_Dataset content:_
::::::::

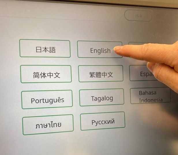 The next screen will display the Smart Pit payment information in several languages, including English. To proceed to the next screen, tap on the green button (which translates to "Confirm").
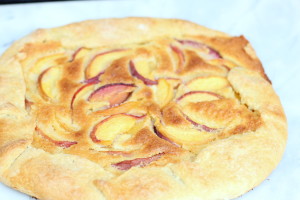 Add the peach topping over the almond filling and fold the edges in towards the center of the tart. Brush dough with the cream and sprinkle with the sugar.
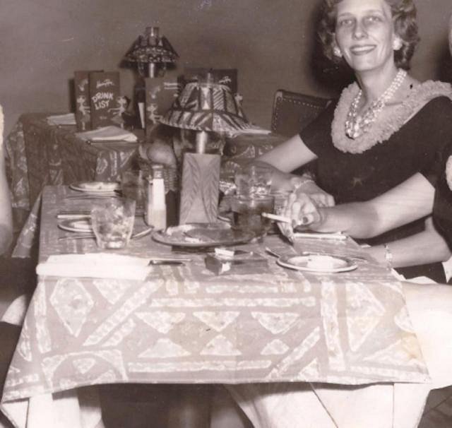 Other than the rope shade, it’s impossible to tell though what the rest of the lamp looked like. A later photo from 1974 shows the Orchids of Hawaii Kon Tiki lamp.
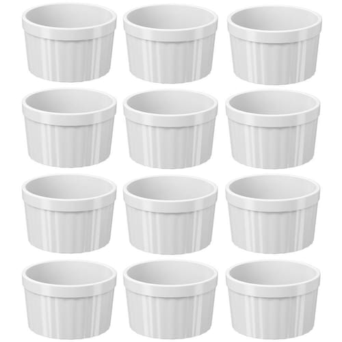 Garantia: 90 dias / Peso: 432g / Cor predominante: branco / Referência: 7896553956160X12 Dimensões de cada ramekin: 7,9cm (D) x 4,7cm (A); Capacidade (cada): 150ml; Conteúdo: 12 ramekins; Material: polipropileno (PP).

::::::::

_Problem to solve:_ Write the lines above out again exactly, excluding every picture.

_Completed exercise:_
 The next screen will display the Smart Pit payment information in several languages, including English. To proceed to the next screen, tap on the green button (which translates to "Confirm").
 Add the peach topping over the almond filling and fold the edges in towards the center of the tart. Brush dough with the cream and sprinkle with the sugar.
 Other than the rope shade, it’s impossible to tell though what the rest of the lamp looked like. A later photo from 1974 shows the Orchids of Hawaii Kon Tiki lamp.
 Garantia: 90 dias / Peso: 432g / Cor predominante: branco / Referência: 7896553956160X12 Dimensões de cada ramekin: 7,9cm (D) x 4,7cm (A); Capacidade (cada): 150ml; Conteúdo: 12 ramekins; Material: polipropileno (PP).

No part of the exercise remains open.